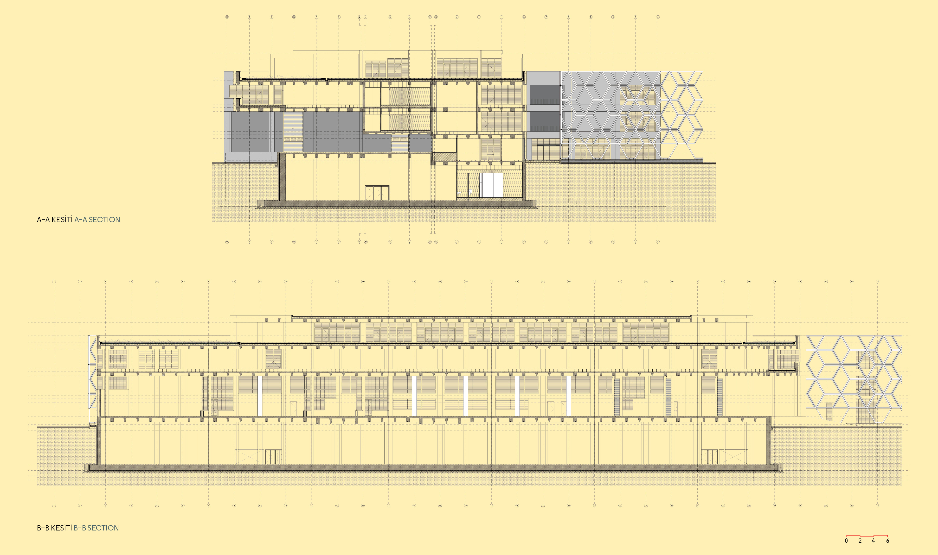 As the İzmir-Muğla motorway does not pass through Ula, the town was relatively better preserved compared to similar other towns. Though somewhat neglected, beautiful examples of local architecture are still in use. Well, the aforementioned road went around Ula instead. The link roads were connected to this main road from both ends of Ula. Visibility by vehicles traveling at a speed of 100 km was the key input for the honey factory to be located on a property within the industrial zone between the two link roads, on the ‘other’ side of the road vis-à-vis Ula. We thus centered our ideas on a building of symbolic character providing both visibility and expressing the corporate identity of the factory. Instead of conventional doors and windows, we enveloped the building in a powerful shell recalling a honeycomb. The space between the building and its shell also creates shaded seating areas, an effect we desire, and also provides overall shade for the entire building.
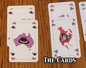 The Cards. As already mentioned, the playing cards each feature one continent and one item (e.g. a purple/Australia hat or a orange/Europe watch or a green/Asia sunglasses).
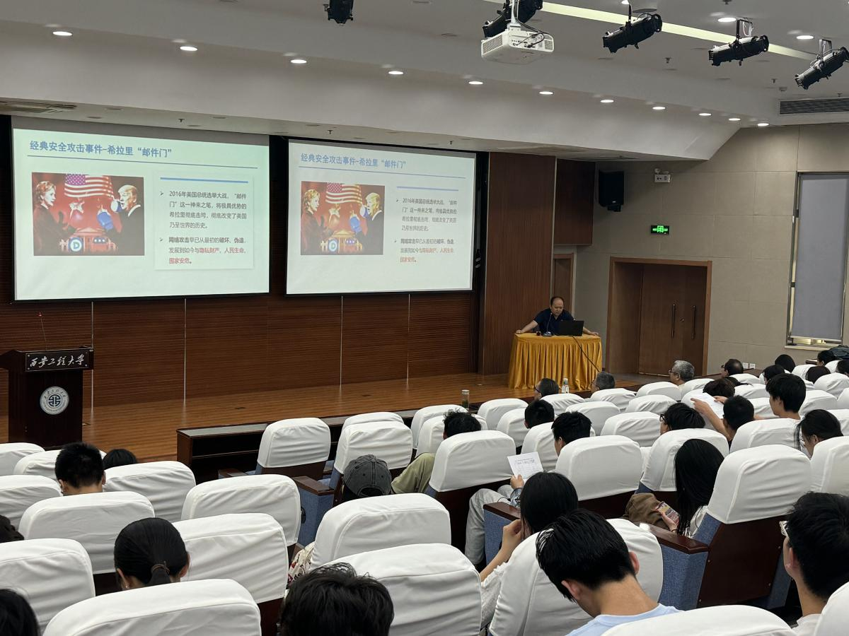 2025年4月30日下午,威尼斯9499登录入口第五十七期经纬学术沙龙在临潼校区图书馆二层报告厅举行。本次沙龙由9499www威尼斯承办,邀请西安邮电大学网络空间安全学院网络空间安全特长班负责人冯景瑜教授做了题为“网络攻防创新实践人才培养经验及成效”的学术报告。9499www威尼斯班子成员、网络空间安全系骨干教师、实验中心实验室,以及网络空间安全专业本科生200余人参加了本次学术报告会。
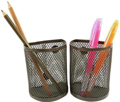 COOL MAGNETS: Organize your pens and pencils in these handy mesh holders and then stick them to any magnetic surface such as lockers, fridges, file drawers, or your dry-erase boards. They help keep your essentials close at hand. This set of 2 half moon shaped pencil holders (3.7" x 2.8") come in chocolate brown. Colored pencils and highlighters are for demonstration purposes only and not included.
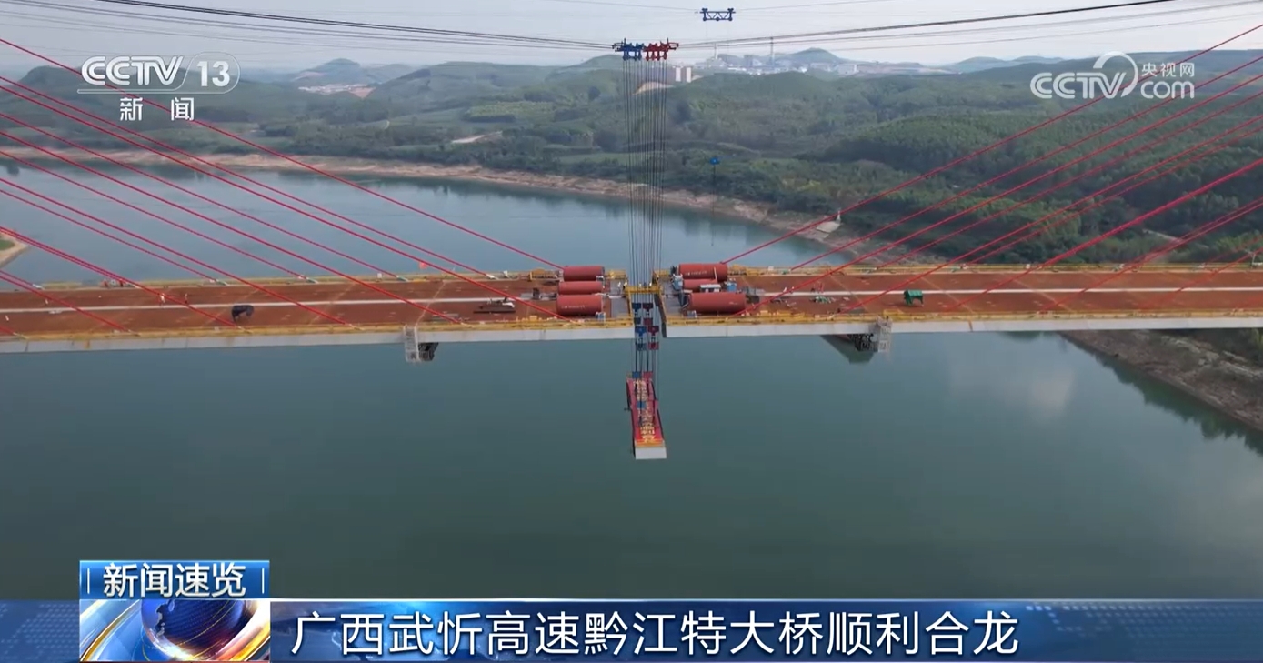 昨天(8月2日),随着第43片钢箱梁焊接作业完成,广西武忻高速黔江特大桥顺利合龙。黔江特大桥全长1339米、主跨618米,系双塔双索面混合梁斜拉桥,由两座216米高的钻石型变截面索塔托起,一跨过江。武忻高速全长118.744公里,目前项目已完成主线贯通,预计今年底建成通车。
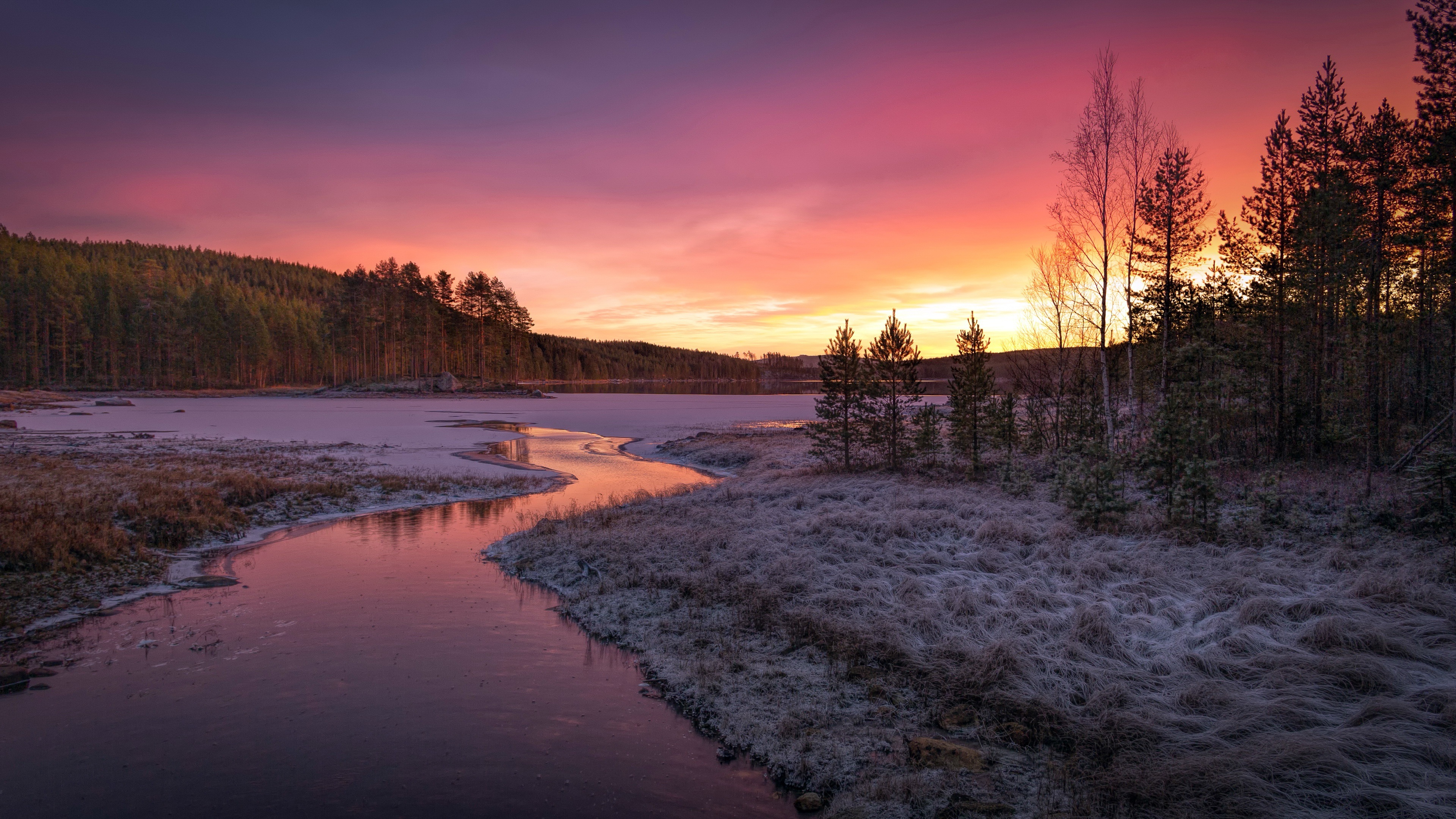 - Nature Outdoor Cold Ice Sky Sunset Winter 4K Wallpaper

++++

Task goal →
Leaving out all pictures, print exactly the lines above from the one containing "昨天(8月2日),随着第43" through the last line of the entries.

Exercise output →
 昨天(8月2日),随着第43片钢箱梁焊接作业完成,广西武忻高速黔江特大桥顺利合龙。黔江特大桥全长1339米、主跨618米,系双塔双索面混合梁斜拉桥,由两座216米高的钻石型变截面索塔托起,一跨过江。武忻高速全长118.744公里,目前项目已完成主线贯通,预计今年底建成通车。
 - Nature Outdoor Cold Ice Sky Sunset Winter 4K Wallpaper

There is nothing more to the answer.